Nice piece off wood I have just don't know if it from the Tree. It's been around 30 + years. What do you think.

Reactions: Like 1 | EyeCandy! 1


----------



## phinds (Apr 17, 2016)

sapele or bubinga. Is the color really as dull as what is shown? If so, sapele is more likely. If it's more reddish then bubinga becomes about as likely as sapele. 
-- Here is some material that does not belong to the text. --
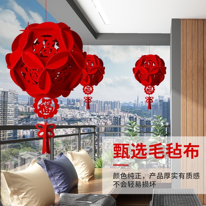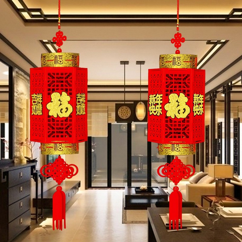 New Year's lantern palace lantern Spring Festival New Year's Day New Year's Eve hanging decorations large red fu characters small pendants unwoven cloth mall Supermarket Atmosphere Decorations

In any case, need an end grain shot to tell for sure.


----------



## DaveHawk (Apr 17, 2016)

Here's a little vlear on the piece, as I said it's been sitting around for over 30 years.

Reactions: Way Cool 1


----------



## phinds (Apr 17, 2016)

get a better end grain pic


----------



## DaveHawk (Apr 19, 2016)

hows this one


----------



## phinds (Apr 19, 2016)

Unfortunately I still can't tell anything from it. You need to really clean up the end grain and get a good closeup. I certainly don't expect you to get the the level of image that I do on my site but you'll have to at least get closer.


----------



## DaveHawk (Apr 19, 2016)

Ok this should be good


----------



## phinds (Apr 19, 2016)

Yeah, that's definitely better. From this, it's clearly not bubinga and there's a strong possibility that it's sapele, so that combined with the face grain says to me that it's almost certainly sapele.

Reactions: Thank You! 1


----------